I really enjoyed doing the paintings for Lalibela. They have a definite folk art feel to them and they were relatively easy to reproduce; which is great when time is short. But, I think the part I enjoyed most was putting together the exhibit “Forward to Freedom: Segregation to Integration.” I really learned alot about the Civil Rights Movement in the United States and met some really wonderful people locally who gave me their personal insight.

You have some fascinating things planned for the festival this year, but what are you most excited about seeing at this year’s iFest?

That’s a really hard question to answer. First of all, I want to make sure that everything DOES get done!

I feel pretty personal about every exhibit because every exhibit has meant that I’ve had personal contact with some amazing people that gave me their input. I’m excited to see what the Ethiopians think of Lalibela and the structure we built for traditonal coffee ceremonies. I’m excited to see how Queen Quet of the Gullah people brings the whole plantation area to life, how Naomi Carrier interprets Texas history with her play “Little Slave for Sale,” how the public reacts to how I’ve interpreted the harshness of segregation, how they respond to “Deep Root:Strong Branch”, which shows all that has come out of Africa across the generations….and I want people to have fun and enjoy the music, with maybe a deeper understanding of it’s African roots, and have some good food at the same time! Deep stuff this year.


Kati points out the location for the
rock-hewn church on the
plans for iFest’s layout.

And, what did I miss?
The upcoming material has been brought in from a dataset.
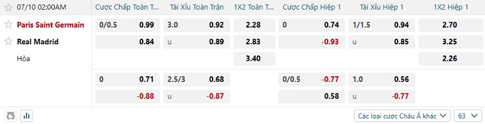 Soi kèo châu Á, kèo PSG vs Real Madrid
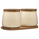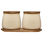 Add elegance and practicality to your kitchen with this set of 2 ceramic beige jars. Perfect for storing spices, sugar, salt, or other dry ingredients, these jars feature a soft beige color that complements any decor. Their minimalist design makes them ideal for neat countertop display or organized storage.

What else can people expect to see and experience at iFest?

I think people can expect to have a really great time this year. We have an excellent music lineup, awesome food and really cool international markets…I’ll be shopping the second weekend once I know all of my exhibits are in order! Come prepared to party, but before you go too overboard, take some time and go through the exhibits in the “Out of Africa Zone,”  because there is alot of great information that will give you a broad history on the people of Africa and those of African descent around the world.
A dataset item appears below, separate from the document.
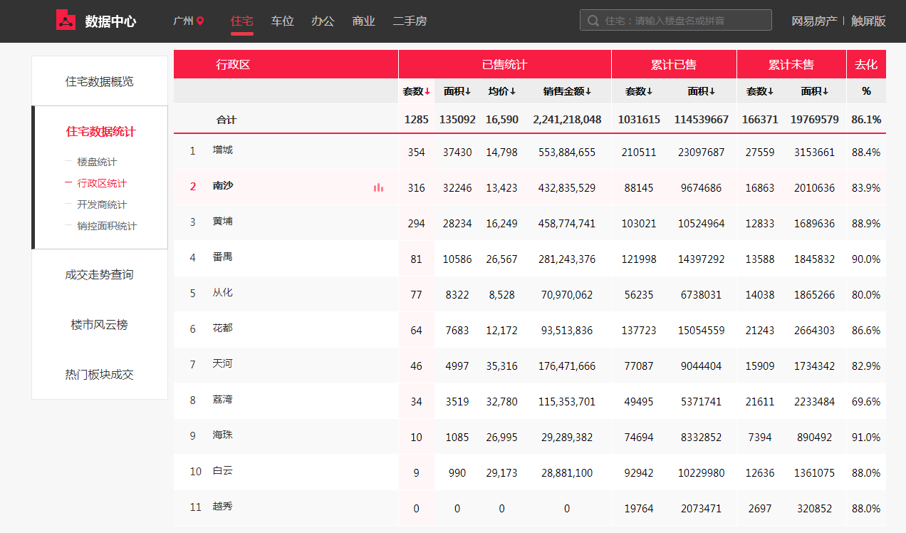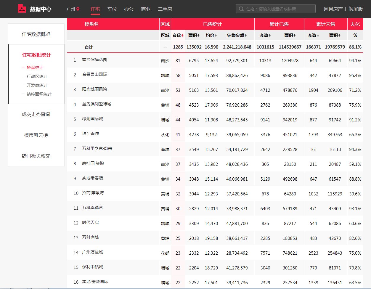 细化到楼盘销售方面,上榜楼盘中,黄埔、南沙、增城的楼盘称霸榜单。南沙滨海花园、合景誉山国际以及阳光城丽景湾分列榜单前三位,而中心区无一上榜。

If you have kids, which I do, check out the Jamaica Zone in Upper Sam Houston Park. The pirate ship, pirates and belly dancers are a blast…

You can check out Kati’s work – as well as the work of amazing artists from all over Africa – at this year’s iFest, April 19 – 20 and 26 – 27; hope to see you there!

Kati Ozanic-Lemberger, Visual Arts Director for the Houston International Festival, is a native of Illinois. She attended the School of the Art Institute of Chicago and graduated from the Univerisity of Illinois in Chicago with a Bachelor of Fine Arts and certification as an art teacher in grades K-12, She moved to Houston in 1992, worked as an art teacher, freelance artist and eventually became involved with the International Festival, as site artist, in 1998. She is married to Yolle Lemberger, a native of Austria and head of construction for the festival. They have two children; Sepp, 8 and Lilli, 6.